Question: Which of the following has the same dimensional formula for both the quantities? i) Kinetic energy...

Question

Which of the following has the same dimensional formula for both the quantities?
i) Kinetic energy and torque
ii) Resistance and inductance
iii) Young’s modulus and pressure
A. (i) only
B. (ii) only
C. (i) and (iii) only
D. All the three

Answer 1

Solution

As we know the dimensional formulas of mass, length and time are $\left[ M \right]$ , $\left[ L \right]$ and $\left[ T \right]$ so we will calculate the dimensional formula for all and if result of any of them is same then we will check the options according to it.

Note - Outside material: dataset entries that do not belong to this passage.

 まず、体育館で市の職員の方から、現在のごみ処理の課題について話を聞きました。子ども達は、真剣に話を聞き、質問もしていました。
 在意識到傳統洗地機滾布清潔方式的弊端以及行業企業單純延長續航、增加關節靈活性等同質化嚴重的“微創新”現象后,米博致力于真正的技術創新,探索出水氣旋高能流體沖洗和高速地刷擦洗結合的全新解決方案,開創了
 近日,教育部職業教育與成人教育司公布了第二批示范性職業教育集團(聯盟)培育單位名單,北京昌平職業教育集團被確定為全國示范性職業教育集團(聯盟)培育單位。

Complete step by step answer
As we know the dimensional formula for mass, length and time so to calculate the dimensional formula for above given terms like for kinetic energy we are knowing the formula for this that is given as, $K.E = \dfrac{{m{v^2}}}{2}$ , and the dimensional formula for $m$ is $\left[ M \right]$ and for $v$ it is given as $\left[ L \right]{\left[ T \right]^{ - 1}}$ , it is calculated from velocity.

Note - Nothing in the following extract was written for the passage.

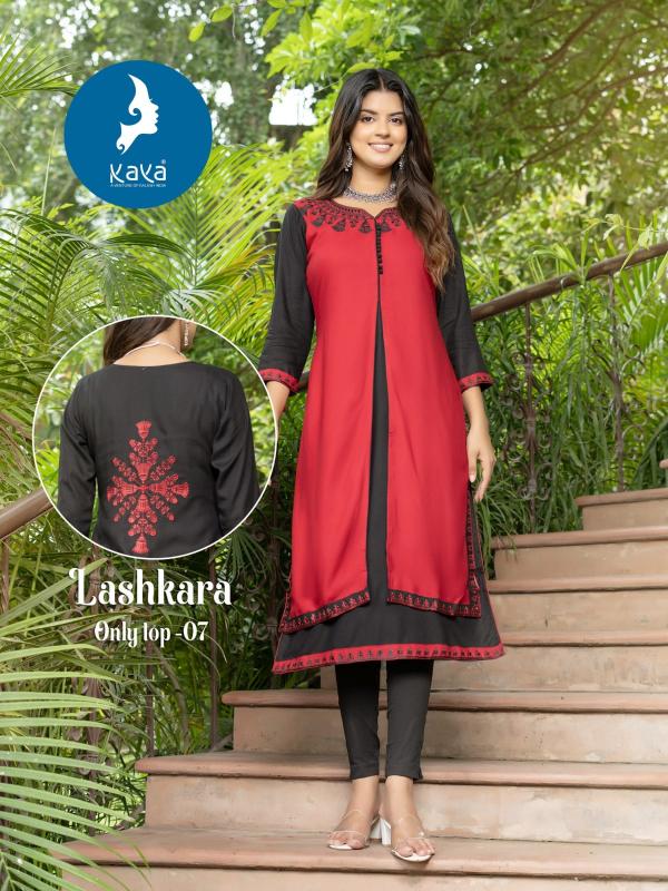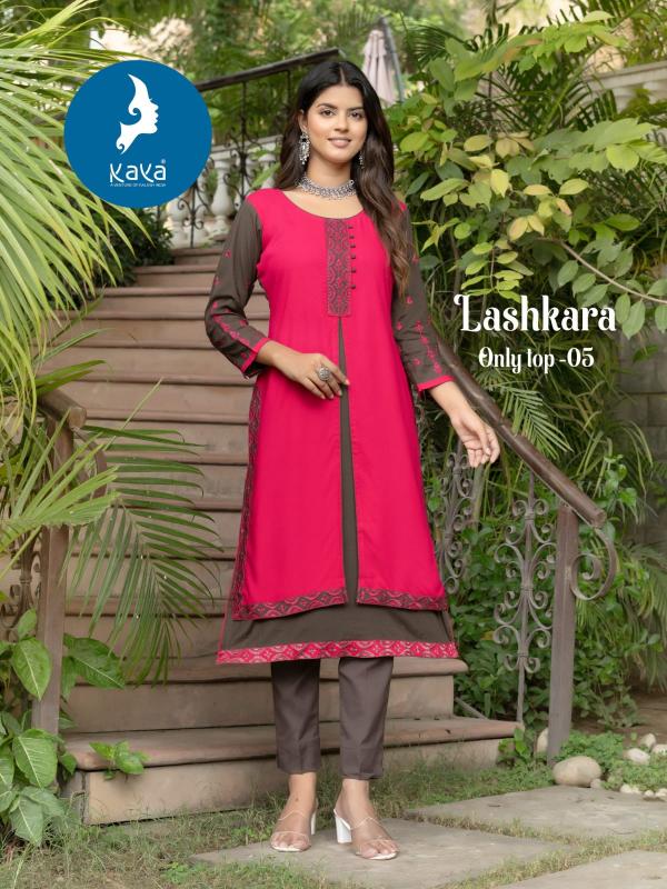 Looking for lashkara by kaya beautiful design rayon readymade long top for girls Full Catalouge at Best Price? Buy Now lashkara by kaya beautiful design rayon readymade long top for girls at Wholesale Rate of Rs 4480 with Total 8 Pcs from authroized dealer and supplier of Kaya Brand. Cost of Each piece is just only Rs 560 which is very low and affordable price to resale the product in your retail store. rrgandhi is Surat based Wholesale Supplier & Dealer of Kaya Brand. Click on Brand name to Know more about Brand's products.

So after substituting the values in formula above we get $K.E = \left[ M \right] \times {\left( {\left[ L \right]{{\left[ T \right]}^{ - 1}}} \right)^2}$ ,and during calculating we can neglect constants in formula if any so after calculating we get $K.E = \left[ M \right]{\left[ L \right]^2}{\left[ T \right]^{ - 2}}$

And now for torque we know the formula for torque is $T = F \times R$ and substituting the dimensional formula in the formula we get $T = \left[ M \right]\left[ L \right]{\left[ T \right]^{ - 2}} \times \left[ L \right]$

$T = \left[ M \right]{\left[ L \right]^2}{\left[ T \right]^{ - 2}}$ , as we can see dimensional formula for kinetic energy and torque are same so now to check for other options as we did in this now for second option as for resistance we know resistance is product of voltage per unit current and voltage is product of electric field and distance and electric field is force per unit charge and charge is product of current and time, so we get the formula as
$R = \dfrac{{\left( {\dfrac{F}{{I \times t}} \times l} \right)}}{I}$
And after substituting the dimensions we get dimensional formula for $R$ as
$R = \left[ M \right]{\left[ L \right]^2}{\left[ T \right]^{ - 3}}{\left[ A \right]^{ - 2}}$ ,where $\left[ A \right]$ is current.
Whereas for inductance we are knowing that inductance is voltage per unit (current per unit time) that is
$L = \dfrac{V}{{\dfrac{I}{t}}}$ , so after substituting the values of dimensional formulas we get the result as
$L = \left[ M \right]{\left[ L \right]^2}{\left[ T \right]^{ - 2}}{\left[ A \right]^{ - 2}}$ , so these are not equal therefore second option is wrong, now do repeat the same steps for third option and we will get result of young’s modulus as $Y = \left[ M \right]{\left[ L \right]^{ - 1}}{\left[ T \right]^{ - 2}}$ and for pressure are same as young’s modulus so third is right.

therefore correct answer is C. option.

Note: Alternative method to do this question is that if we are knowing the S.I. units of all these terms then it will become easy as then we have to only substitute the values in these terms and calculate the result.